Ruth, an anorexic-looking young sister from Provence said Père François had been summoned by the Bishop of Perpignan and he wasn’t coming back. She had been in the kitchen when the car came and the chauffeur came in for coffee. Brother Theodore, a member of the Toledo group whispered, “I don’t know what they are deciding but we are not going to Toledo. Everything is off.”
Sister Clara and I exchanged glances but said nothing. It seemed that our letters to the French and the Spanish Papal Nuncios had been received. It was the moment to escape. Maybe the police would arrive. Clara looked just as I felt. She had gone pale. My heart was racing. The only way to do this was to get a taxi from Casteil to come up the mountain at midnight. We had no mobile phones in those days. There was one phone for the abbey. In the kitchen.
Finally, Brother Bernard, Sister Héloïse and a few other senior members of the community came in. I recognized some from Normandy. It was serious. There was no sign of the Founder or his wife. They were keeping out of sight. Before starting evening prayer, the Bergère spoke privately to Sister Clara. Brother Bernard came over to me. “My office, tomorrow, immediately after breakfast.”
Sister Clara had made the phone call from the kitchen to the taxi office in Casteil and the taxi had waited, slightly down the mountain from the abbey, at a popular picnic spot, where he could turn around easily on the narrow road. In those days the road had only just been paved with tarmac for the first time. I left the tractor keys in the box for charity offerings at the door. That door where young enthusiastic people sometimes arrived to join the community. We only had a light holdall each and we walked quickly down the road with the handles of Clara’s holdall shared between us. She had cash in Francs for the taxi, sent by her family in Gerona, and I said I would share the cost once we reached Perpignan and I could withdraw some money with my bank card.
Clara, no longer sister, only began crying after we had safely cleared the village of Casteil and were on the road to Perpignan. Nobody could harm her now. I sat there and wanted to at least hold her hand, but in the circumstances I did not. I had no idea about the effects of abuse. Maybe it would send out the wrong signals, but I still felt bad, not making contact.
We sat on the railway station platform in Perpignan. It was a very long wait for my night train, coming up from Barcelona and taking me to Paris; and then her night train from Marseilles going south over the Spanish frontier to Gerona, where her family were staying up late to welcome her home.
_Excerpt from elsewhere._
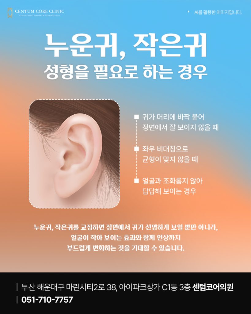 해운대센텀코어의원은 실력과 풍부한 경험을 바탕으로, 본래 내 귀처럼 자연스럽고 균형 잡힌 결과를 제공합니다. 단순히 외형만 바꾸는 것이 아니라, 얼굴 전체의 조화를 고려해 맞춤 설계를 진행하므로 안심하고 상담 받아보시길 권해드립니다.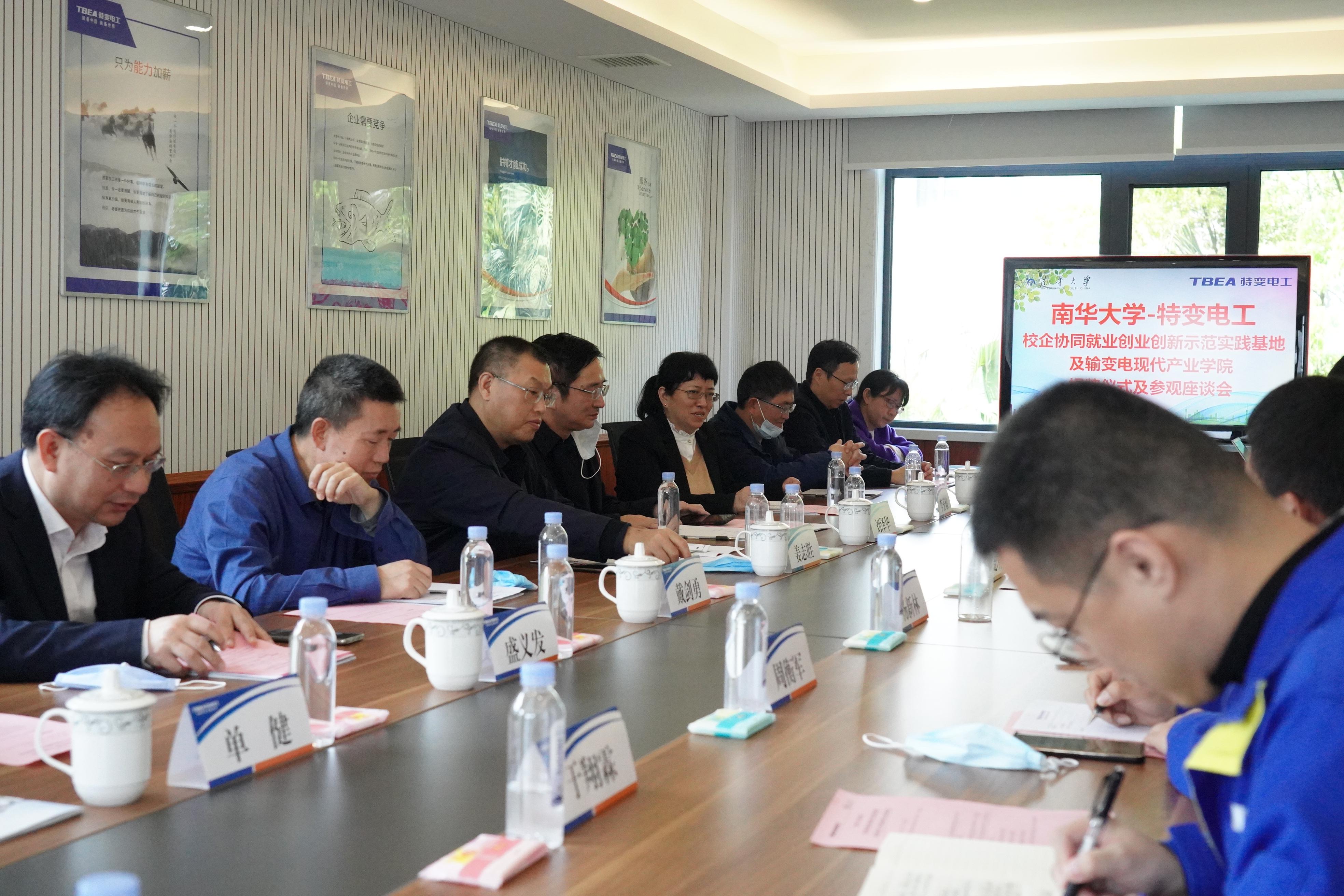 3月29日,南华大学党委委员、副校长姜志胜教授,教务部部长刘泽华、副部长戴剑勇,经济管理与法学院院长李玉琼、副院长陈鸣、教务室段雨竺,电气工程学院和计算机学院相关领导等一行十二人赴特变电工衡阳变压器有限公司进行实地参观、洽谈,并为校企协同就业创业创新示范实践基地/输变电现代产业学院揭牌,特变电工衡阳变压器有限公司副总经理朱志勇、龙腾,人力资源总监杨新林等进行了热情接待。

We knew what we had jointly written to the Papal Nuncios in Paris and Toledo had been received, because Père François had been summoned by the Bishop here in Perpignan, and was probably staying with him now in the bishop’s house before being sent back to Canada or maybe Rome.
All Clara’s confessions had also got back to the Bergère who then fed them back to the Founder. Clara had received a direct threat from him. The Church took the Canon Law issues about the Seal of the Confession far more seriously than what had happened to Clara, and she knew what happened to her had also happened to other sisters in various houses of the community. Sadly, it would take many more years before anyone would listen. The abusers simply became more careful after that. It was a terrible personal learning point for me: the Church never believes those who have no power. So, by the time they could overlook the signs no longer, many more suffered before arrests and trials finally began, and by the time this became a headline news story all over France, so many more had been abused.
We did not exchange addresses – I had no address now anyway – and I waved from the window as the Paris night train pulled away from Perpignan. And the thought occurred to me – too late now – as I saw her lower her head and cry again, under the dim lights of the platform: ‘Clara’ would have been her religious name, taken as a novice. She would return to Gerona and be known by her former Christian name, unknown to me.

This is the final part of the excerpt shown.